Skurilles HobbyKölnerin sammelt Filzmäuse und erzählt ihre Geschichten auf Instagram
Lindenthal – Was sich auf Beate Felten-Leidels Gartentisch tummelt, ist nicht weniger als ein Fest für die Augen, ein Wimmelbild in 3D, zum Anfassen. In verschiedenen Häusern und Geschäften tummeln sich Mäuse über Mäuse in allen Ausführungen, gemeinsam ist ihnen nur das Material, aus dem sie gemacht wurden: Filz.
Einige von ihnen hat die 65-Jährige selbst gemacht, aber die allermeisten stammen von der Online-Börse Etsy, auf der Künstler aus aller Welt ihre Kreationen anbieten.
„Dadurch, dass die Mäuse alle ein Drahtskelett in sich tragen, sind sie beweglich“, erzählt die Mäuse-Regisseurin, die sich seit einem Jahr intensiv um ihre Filztiere kümmert.

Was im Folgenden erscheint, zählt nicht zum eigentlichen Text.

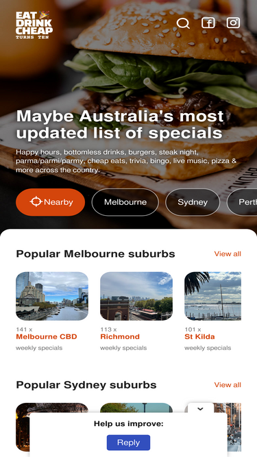 100%Find cheap eats, food, drink specials and trivia in restaurants pubs and bars around Melbourne.

Schon immer kreativ mit Pinsel und Kamera kam die 65-Jährige auf die Idee, sich eine Corona-freie Welt zu schaffen.An Fantasie mangelt es der Übersetzerin und Schriftstellerin nicht. Geschichten schreibt sie seit ihrem 14. Lebensjahr und hat auch einen Blog. Die Mäuse haben sogar eine eigene Seite im Gemeindebrief ihrer evangelischen Heimatgemeinde. Eigentlich gab es die Mäuse schon vor Corona, „aber im ersten Lockdown habe ich angefangen, kleine Mutmach-Geschichten auf meiner Facebook-Seite zu posten“.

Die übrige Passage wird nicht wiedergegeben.